THE RECORDS:

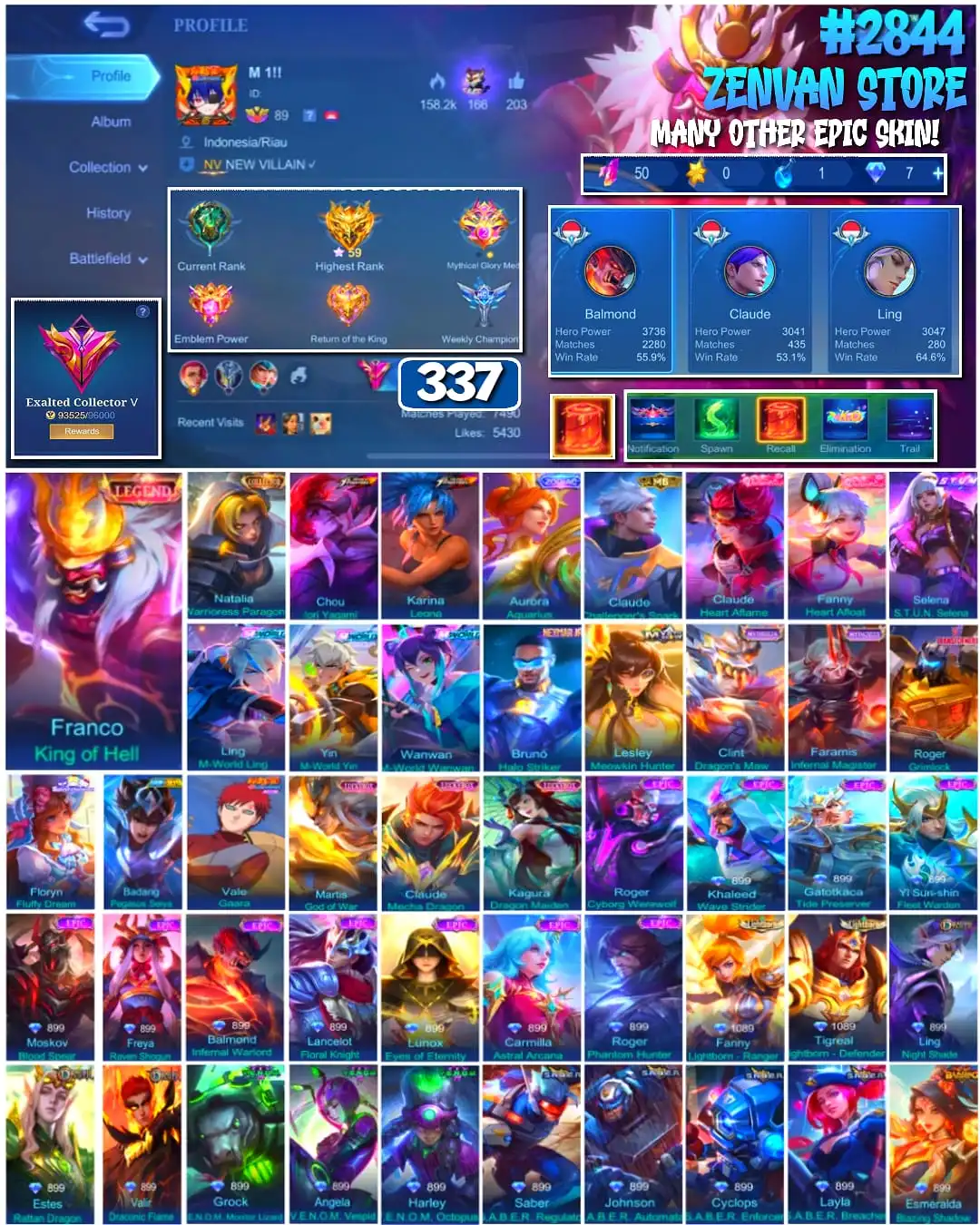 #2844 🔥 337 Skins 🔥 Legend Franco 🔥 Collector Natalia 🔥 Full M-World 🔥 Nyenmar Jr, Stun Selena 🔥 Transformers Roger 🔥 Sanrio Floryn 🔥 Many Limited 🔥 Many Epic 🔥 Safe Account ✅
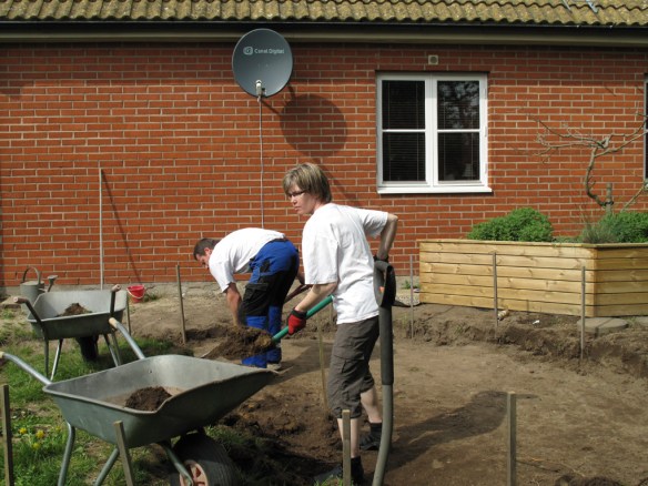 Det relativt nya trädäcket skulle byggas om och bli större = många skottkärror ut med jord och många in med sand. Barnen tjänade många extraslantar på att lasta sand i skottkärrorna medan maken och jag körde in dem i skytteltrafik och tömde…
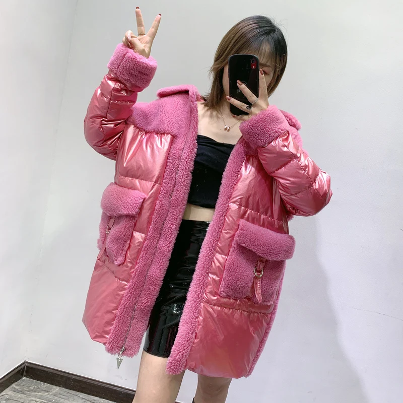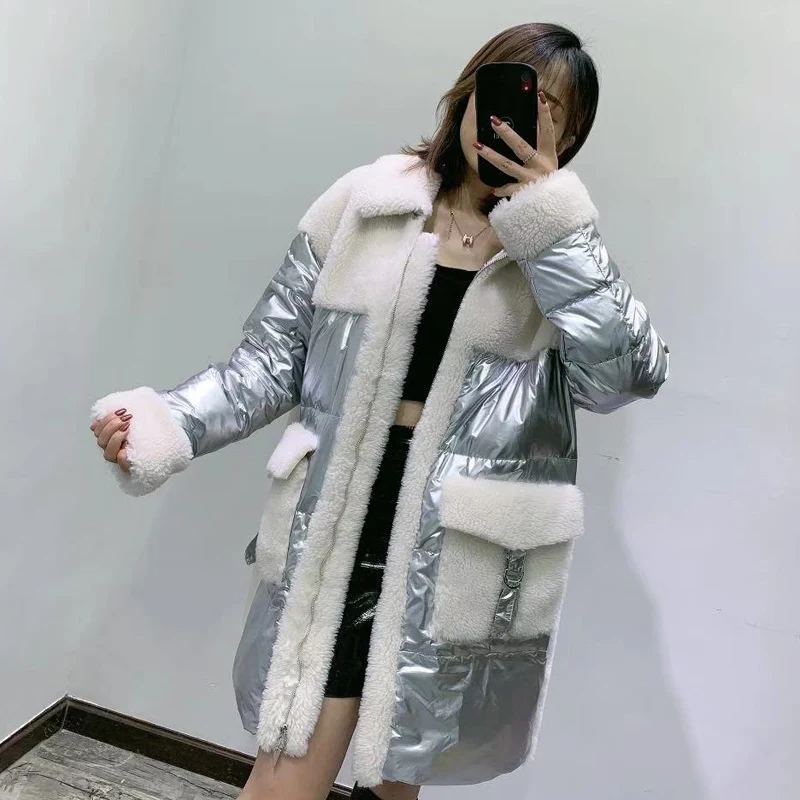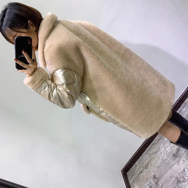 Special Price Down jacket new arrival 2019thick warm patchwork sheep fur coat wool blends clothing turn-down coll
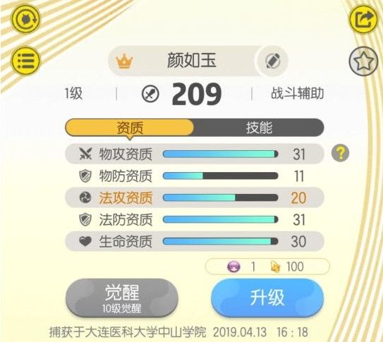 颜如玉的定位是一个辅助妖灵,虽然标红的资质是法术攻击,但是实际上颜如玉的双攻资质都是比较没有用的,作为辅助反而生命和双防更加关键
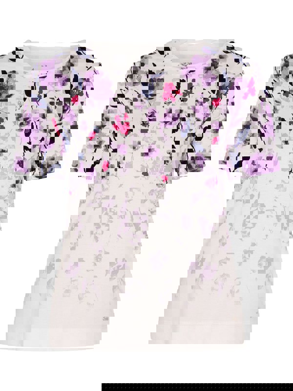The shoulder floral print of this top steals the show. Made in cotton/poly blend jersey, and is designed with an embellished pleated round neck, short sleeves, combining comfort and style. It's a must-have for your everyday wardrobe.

WORK ORDER: Every line from the one holding "颜如玉的定位是一个辅助妖灵,虽然标红的资" to the last line of the listing above, inclusive, must appear exactly as written, and no picture may appear.

OUTPUT OF THE TASK:
 颜如玉的定位是一个辅助妖灵,虽然标红的资质是法术攻击,但是实际上颜如玉的双攻资质都是比较没有用的,作为辅助反而生命和双防更加关键
The shoulder floral print of this top steals the show. Made in cotton/poly blend jersey, and is designed with an embellished pleated round neck, short sleeves, combining comfort and style. It's a must-have for your everyday wardrobe.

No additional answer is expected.